Machine-readable (--format json)¶
For CI, add --format json. Key fields (abridged — a full report also has
report_schema_version, library, old_version/new_version,
old_file/new_file, policy, suppression, detectors, evidence_tiers,
and summary.source_breaks/summary.affected_pct):
{
"verdict": "BREAKING",
"summary": {
"breaking": 1,
"risk_changes": 2,
"compatible_additions": 3,
"total_changes": 6,
"binary_compatibility_pct": 98.9
},
"confidence": "high",
"evidence_tier": "header_aware",
"changes": [
{ "kind": "type_field_added", "symbol": "foo_options",
"severity": "breaking", "old_value": "48", "new_value": "56" }
]
}
compare exits non-zero on a break, so CI can gate on the exit status alone.

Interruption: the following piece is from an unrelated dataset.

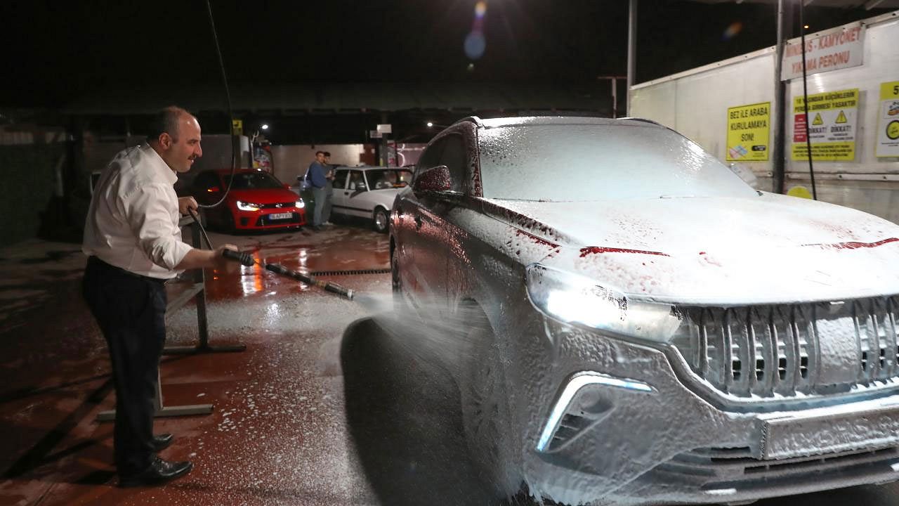Araca önce köpük püskürten Varank, daha sonra süngerle sildi. Bakan Varank, Togg'u tazyikli suyla yıkadıktan sonra oto yıkamacıdan ayrıldı.

Other formats — HTML, SARIF, JUnit — are in Output Formats.
7. Recap¶
- Collect the old + new library, and — for a reliable verdict — the public
headers and their include root; pin
-std/-Din a.abicheck.yml. - Run the header-aware compare (or
abicheck scan … --config .abicheck.ymlas a CI gate). - Go deeper (recommended) with
abicheck scan --sources . --since … --depth sourcewhen you can give it your sources and build command — see Source-Scan Levels. - Read the verdict + confidence: headers give a high-confidence, public-API-scoped result that names the changes that matter.